Desde junho de 2022, mais da metade de todos os corpos que chegaram aos necrotérios da cidade testaram positivo para drogas, e o fentanil apareceu em 20% deles. “É uma emergência de saúde pública”, disse o Dr. Vaca. Durante décadas, o voraz apetite americano por narcóticos impulsionou o surgimento de vastas redes criminosas no México, mas as drogas não eram consumidas historicamente em grande escala no país. No entanto, o uso de drogas está se tornando mais comum, mostram as pesquisas.

Da última vez que o governo mexicano realizou sua pesquisa nacional de drogas, em 2016, o número de mexicanos que afirmaram ter usado narcóticos ilegais quase dobrou desde 2008. A demanda por tratamento de drogas no México cresceu rapidamente desde 2018, de acordo com um estudo governamental separado. O fentanil foi encontrado em pílulas falsificadas vendidas em farmácias no norte do México, bem como em drogas de festa como cocaína e M.D.M.A. em um festival de música perto da Cidade do México.

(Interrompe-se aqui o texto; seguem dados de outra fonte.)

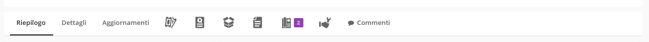 - Le varie icone dei moduli collegati: possiamo vedere tutti i valori presenti in altri moduli e riconducibili a quello specifico contatto, come ticket di assistenza, preventivi, prodotti, documenti, chiamate, servizi o commenti.
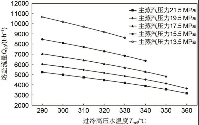 圖5 熔鹽流量(Qs0)隨過冷高壓水溫度(Tm4)的變化關(guān)系
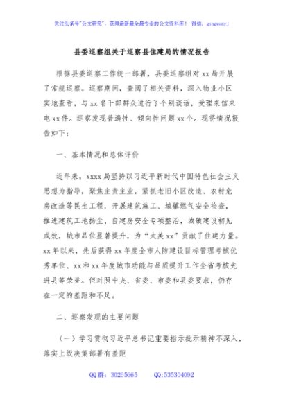 / 县委巡察组关于巡察县住建局的情况报告
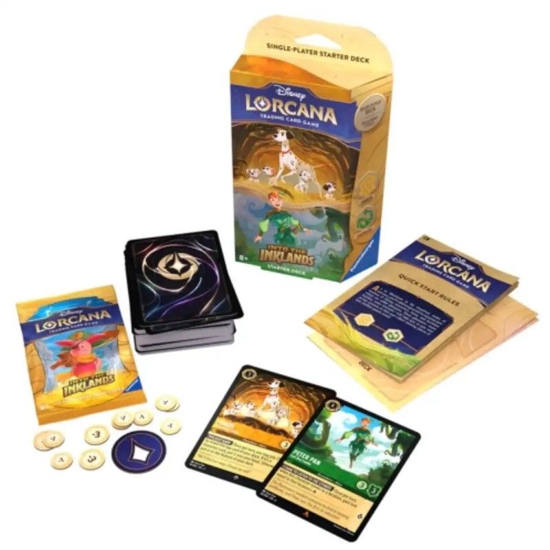 Los mazos de inicio, listos para jugar, contienen un mazo preconstruido con una lista específica de 60 cartas. Si eres nuevo en el mundo de los juegos de cartas coleccionables o si quieres experimentar el juego con un mazo diseñado y probado por el Equipo Disney Lorcana, esta es la mejor forma de empezar.

“É barato de fazer e simples de distribuir”, disse Manuel López Santacruz, um médico legista do estado de Sonora, que fica do outro lado da fronteira do Arizona. As pílulas de fentanil, disse ele, custam tão pouco quanto US$3 cada, tornando-as acessíveis para quase todos alimentarem sua dependência. O governo recentemente reiniciou a pesquisa nacional sobre o uso de drogas, após uma longa pausa, mas os especialistas dizem que é improvável que capturem a verdadeira disseminação de opioides sintéticos, porque muitos usuários podem não admitir que os usam.

A rastreabilidade de mortes por fentanil refletiria mais confiavelmente a escala do problema, dizem os especialistas, mas requer um investimento significativo por parte das autoridades. Em Denver, a chefe de investigações, Erin Worrell, ofereceu dicas para identificar possíveis overdoses.

Projetando fotos de cenas de morte recentes em uma tela, a Sra. Worrell destacou um homem que morreu com um cigarro meio aceso ainda em sua mão, que mais tarde descobriu-se ter fentanil e uma mistura de outras drogas em seu sistema. “Se você estiver tendo um ataque cardíaco ou algo assim, você estará se esforçando”, disse ela. “Será mais, você sabe, caótico.”

A Sra. Worrell disse que uma pista era a posição do corpo. As pessoas que cochilam e morrem após tomar opioides são frequentemente encontradas encolhidas com as pernas dobradas sob elas. Ela sabe procurar por laxantes, porque os opioides causam constipação.

Às vezes, as mortes por overdose parecem assassinatos, como o caso de um homem que foi encontrado com feridas por todo o corpo sentado em um banheiro manchado de sangue.

“Essas parecem feridas defensivas”, disse um dos examinadores mexicanos, olhando fotos da cena horrível. Na verdade, era uma overdose e, antes de morrer, o homem se mutilou. “Muitas vezes as pessoas começam a coçar”, disse a Sra. Worrell. “Elas pensam que há insetos nelas.” À medida que a apresentação da Sra. Worrell chegava ao fim, o Dr. Vaca se aproximou e mostrou a ela uma foto em seu telefone: um homem morto tão rapidamente pelo fentanil que a seringa ainda estava presa em seu pescoço. “Vemos isso o tempo todo”, disse o Dr. Vaca.